Exercise inputs START

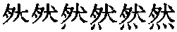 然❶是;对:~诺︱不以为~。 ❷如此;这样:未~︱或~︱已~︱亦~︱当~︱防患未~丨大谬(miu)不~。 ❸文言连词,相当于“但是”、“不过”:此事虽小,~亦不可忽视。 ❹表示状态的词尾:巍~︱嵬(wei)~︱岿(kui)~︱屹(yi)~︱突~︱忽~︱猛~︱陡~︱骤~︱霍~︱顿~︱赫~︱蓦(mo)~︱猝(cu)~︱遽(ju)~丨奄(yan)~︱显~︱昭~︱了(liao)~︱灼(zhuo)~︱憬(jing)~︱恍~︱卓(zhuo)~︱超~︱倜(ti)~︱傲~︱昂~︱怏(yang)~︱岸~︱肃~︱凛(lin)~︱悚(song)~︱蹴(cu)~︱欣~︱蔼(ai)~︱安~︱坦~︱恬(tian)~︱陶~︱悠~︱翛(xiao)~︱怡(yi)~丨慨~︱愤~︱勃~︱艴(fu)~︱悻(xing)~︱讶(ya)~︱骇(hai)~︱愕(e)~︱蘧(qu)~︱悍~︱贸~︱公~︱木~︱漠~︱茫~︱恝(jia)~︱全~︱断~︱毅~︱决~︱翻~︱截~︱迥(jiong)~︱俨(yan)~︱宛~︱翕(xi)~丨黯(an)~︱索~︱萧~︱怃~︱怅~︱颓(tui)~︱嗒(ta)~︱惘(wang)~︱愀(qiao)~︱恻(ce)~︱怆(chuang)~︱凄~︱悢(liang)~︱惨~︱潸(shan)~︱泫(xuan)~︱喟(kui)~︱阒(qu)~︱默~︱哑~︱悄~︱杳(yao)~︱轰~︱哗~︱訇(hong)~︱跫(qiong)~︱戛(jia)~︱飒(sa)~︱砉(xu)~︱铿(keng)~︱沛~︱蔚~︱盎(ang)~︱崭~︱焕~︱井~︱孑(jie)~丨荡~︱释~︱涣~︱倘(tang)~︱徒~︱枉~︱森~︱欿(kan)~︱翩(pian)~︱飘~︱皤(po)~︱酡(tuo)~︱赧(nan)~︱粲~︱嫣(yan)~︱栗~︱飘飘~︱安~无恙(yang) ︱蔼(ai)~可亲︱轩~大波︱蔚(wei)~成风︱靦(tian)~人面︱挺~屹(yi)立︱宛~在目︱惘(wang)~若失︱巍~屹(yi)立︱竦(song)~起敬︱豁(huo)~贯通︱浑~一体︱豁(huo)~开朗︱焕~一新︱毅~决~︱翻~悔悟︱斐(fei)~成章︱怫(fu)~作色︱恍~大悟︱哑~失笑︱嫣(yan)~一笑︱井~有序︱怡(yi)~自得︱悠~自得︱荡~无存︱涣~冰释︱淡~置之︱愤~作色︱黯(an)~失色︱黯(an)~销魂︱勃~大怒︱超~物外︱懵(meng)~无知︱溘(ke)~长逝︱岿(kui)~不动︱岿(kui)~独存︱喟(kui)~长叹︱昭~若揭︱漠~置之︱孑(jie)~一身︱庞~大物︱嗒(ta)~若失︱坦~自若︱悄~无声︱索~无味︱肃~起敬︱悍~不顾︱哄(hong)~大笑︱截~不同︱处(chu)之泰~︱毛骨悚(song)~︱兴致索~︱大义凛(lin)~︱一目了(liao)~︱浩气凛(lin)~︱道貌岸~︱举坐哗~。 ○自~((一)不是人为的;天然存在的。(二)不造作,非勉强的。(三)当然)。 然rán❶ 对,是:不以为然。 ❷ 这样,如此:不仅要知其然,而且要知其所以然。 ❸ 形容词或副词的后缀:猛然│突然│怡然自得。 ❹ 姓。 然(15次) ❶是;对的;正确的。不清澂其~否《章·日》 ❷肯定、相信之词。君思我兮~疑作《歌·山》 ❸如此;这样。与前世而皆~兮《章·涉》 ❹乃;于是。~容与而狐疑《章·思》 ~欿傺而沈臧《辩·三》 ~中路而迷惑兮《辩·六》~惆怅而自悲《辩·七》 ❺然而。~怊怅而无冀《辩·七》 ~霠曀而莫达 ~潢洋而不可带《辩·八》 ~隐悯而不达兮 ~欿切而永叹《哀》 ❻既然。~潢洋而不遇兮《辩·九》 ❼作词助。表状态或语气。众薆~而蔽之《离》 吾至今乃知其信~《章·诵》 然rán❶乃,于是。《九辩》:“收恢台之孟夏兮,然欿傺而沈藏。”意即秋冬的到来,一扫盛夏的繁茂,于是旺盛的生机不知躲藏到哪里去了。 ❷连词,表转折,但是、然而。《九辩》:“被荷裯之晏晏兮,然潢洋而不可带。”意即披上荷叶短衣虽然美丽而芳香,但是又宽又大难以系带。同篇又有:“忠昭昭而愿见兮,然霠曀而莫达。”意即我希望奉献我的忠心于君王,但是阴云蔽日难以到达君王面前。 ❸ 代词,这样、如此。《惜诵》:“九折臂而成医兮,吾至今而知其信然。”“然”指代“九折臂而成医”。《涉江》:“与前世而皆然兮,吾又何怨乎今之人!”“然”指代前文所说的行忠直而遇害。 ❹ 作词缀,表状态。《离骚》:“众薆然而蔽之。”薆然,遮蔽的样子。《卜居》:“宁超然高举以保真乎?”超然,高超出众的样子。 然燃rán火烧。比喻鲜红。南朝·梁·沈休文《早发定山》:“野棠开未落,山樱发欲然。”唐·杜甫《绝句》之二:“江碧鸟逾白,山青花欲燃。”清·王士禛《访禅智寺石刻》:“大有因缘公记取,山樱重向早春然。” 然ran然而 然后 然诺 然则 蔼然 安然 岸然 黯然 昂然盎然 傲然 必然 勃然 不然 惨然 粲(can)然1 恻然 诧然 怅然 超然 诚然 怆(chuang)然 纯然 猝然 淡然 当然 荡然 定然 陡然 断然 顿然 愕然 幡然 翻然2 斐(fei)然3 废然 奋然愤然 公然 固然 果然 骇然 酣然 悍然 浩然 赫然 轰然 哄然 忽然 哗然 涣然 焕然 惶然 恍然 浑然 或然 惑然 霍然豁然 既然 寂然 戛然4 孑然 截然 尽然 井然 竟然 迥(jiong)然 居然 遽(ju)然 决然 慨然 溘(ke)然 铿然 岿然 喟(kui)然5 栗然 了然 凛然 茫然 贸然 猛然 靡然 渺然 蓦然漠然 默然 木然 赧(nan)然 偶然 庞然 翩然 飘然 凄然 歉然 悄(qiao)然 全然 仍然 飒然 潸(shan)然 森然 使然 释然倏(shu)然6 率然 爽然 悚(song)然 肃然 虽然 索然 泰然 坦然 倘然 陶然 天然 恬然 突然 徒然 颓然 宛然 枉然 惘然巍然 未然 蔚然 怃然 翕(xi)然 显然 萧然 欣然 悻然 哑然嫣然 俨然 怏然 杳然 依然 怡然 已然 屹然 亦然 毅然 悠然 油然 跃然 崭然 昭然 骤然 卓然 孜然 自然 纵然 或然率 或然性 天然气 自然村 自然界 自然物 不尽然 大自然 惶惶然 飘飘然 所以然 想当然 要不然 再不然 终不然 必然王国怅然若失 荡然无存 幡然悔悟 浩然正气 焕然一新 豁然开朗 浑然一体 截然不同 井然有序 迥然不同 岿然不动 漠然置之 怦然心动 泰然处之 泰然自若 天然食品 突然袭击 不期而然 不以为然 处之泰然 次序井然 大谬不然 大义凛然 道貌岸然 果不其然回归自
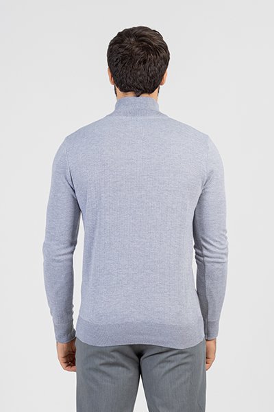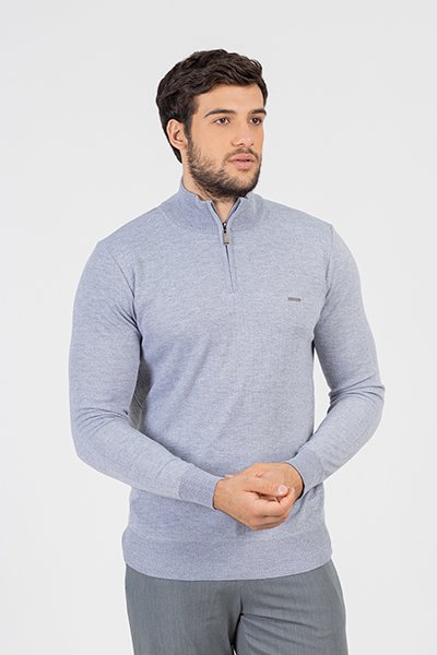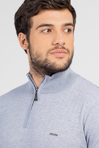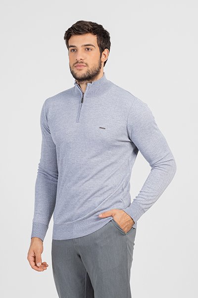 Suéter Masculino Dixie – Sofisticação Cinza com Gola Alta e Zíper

Exercise inputs END
Exercise inputs START

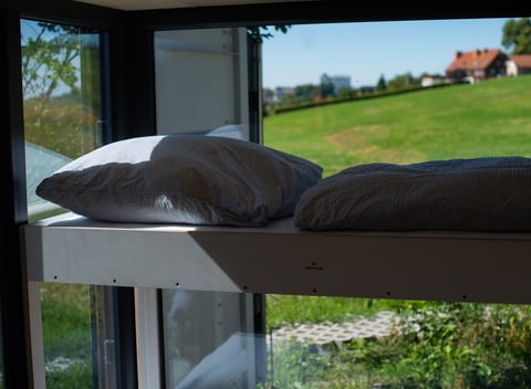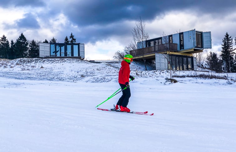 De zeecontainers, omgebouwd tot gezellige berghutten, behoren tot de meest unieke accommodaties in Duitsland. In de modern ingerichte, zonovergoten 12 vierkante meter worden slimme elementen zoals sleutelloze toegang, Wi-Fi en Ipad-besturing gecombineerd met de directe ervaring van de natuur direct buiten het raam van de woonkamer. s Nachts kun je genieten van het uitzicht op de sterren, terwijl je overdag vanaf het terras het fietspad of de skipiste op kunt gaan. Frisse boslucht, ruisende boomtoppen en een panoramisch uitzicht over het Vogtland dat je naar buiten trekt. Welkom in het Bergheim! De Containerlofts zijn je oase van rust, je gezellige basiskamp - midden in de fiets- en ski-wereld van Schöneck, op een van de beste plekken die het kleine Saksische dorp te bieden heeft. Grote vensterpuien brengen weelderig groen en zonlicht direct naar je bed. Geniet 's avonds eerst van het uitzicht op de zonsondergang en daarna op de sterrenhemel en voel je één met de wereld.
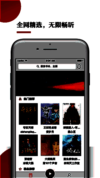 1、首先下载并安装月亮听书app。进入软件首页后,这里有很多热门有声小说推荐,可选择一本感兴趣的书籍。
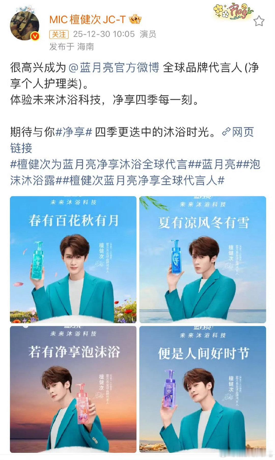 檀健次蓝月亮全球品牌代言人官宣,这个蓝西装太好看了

Exercise inputs END
Exercise inputs START

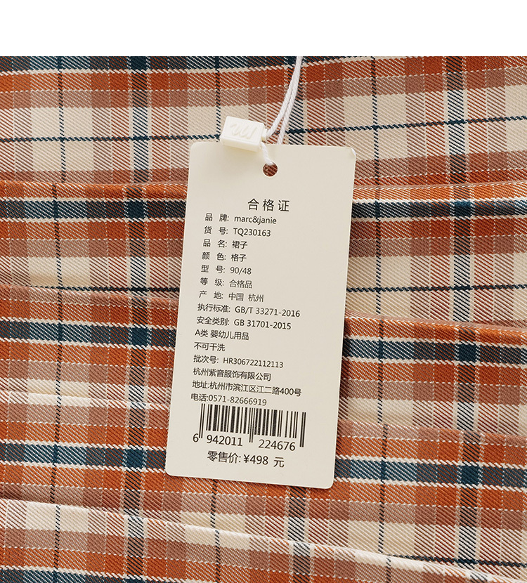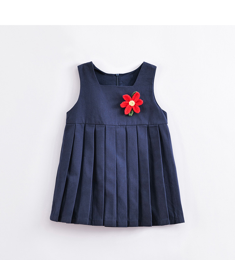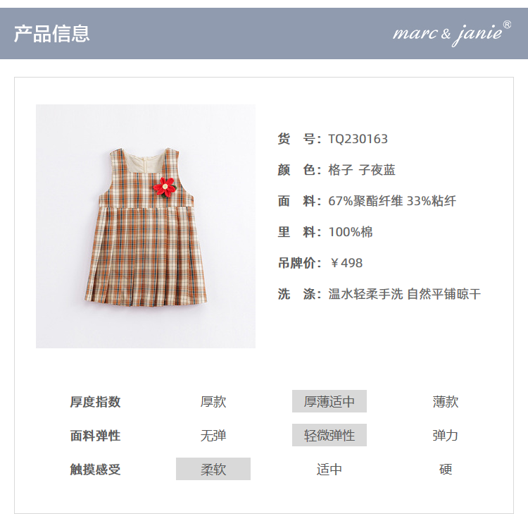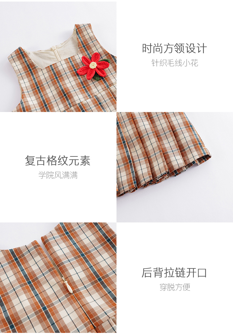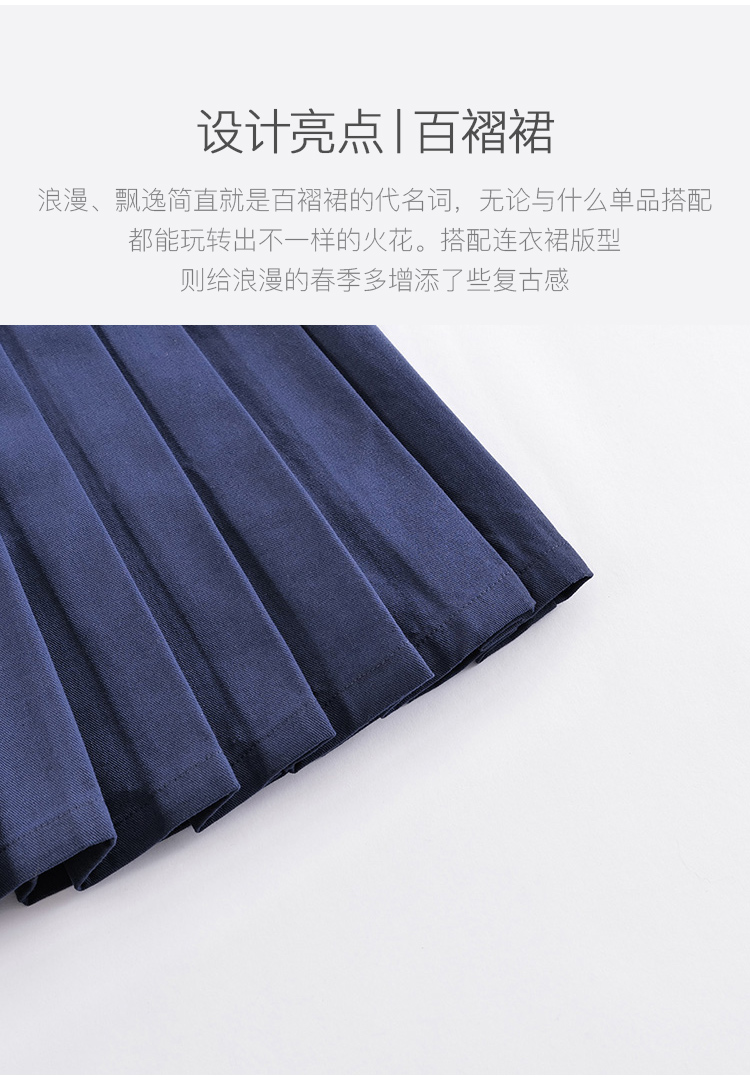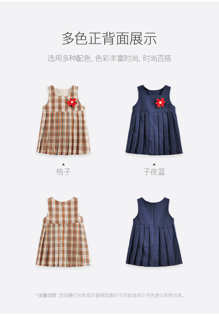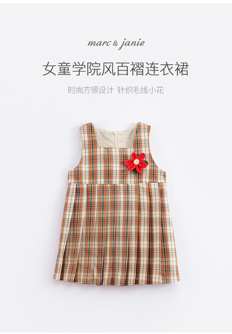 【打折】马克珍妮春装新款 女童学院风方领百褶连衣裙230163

Exercise inputs END

- Exercise aim
Between and including the line with "1、首先下载并安装月亮听书a" and the line with "檀健次蓝月亮全球品牌代言人官宣,这个蓝西装太好看了", repeat every line exactly as it appears above, with pictures left out.

- Reply
 1、首先下载并安装月亮听书app。进入软件首页后,这里有很多热门有声小说推荐,可选择一本感兴趣的书籍。
 檀健次蓝月亮全球品牌代言人官宣,这个蓝西装太好看了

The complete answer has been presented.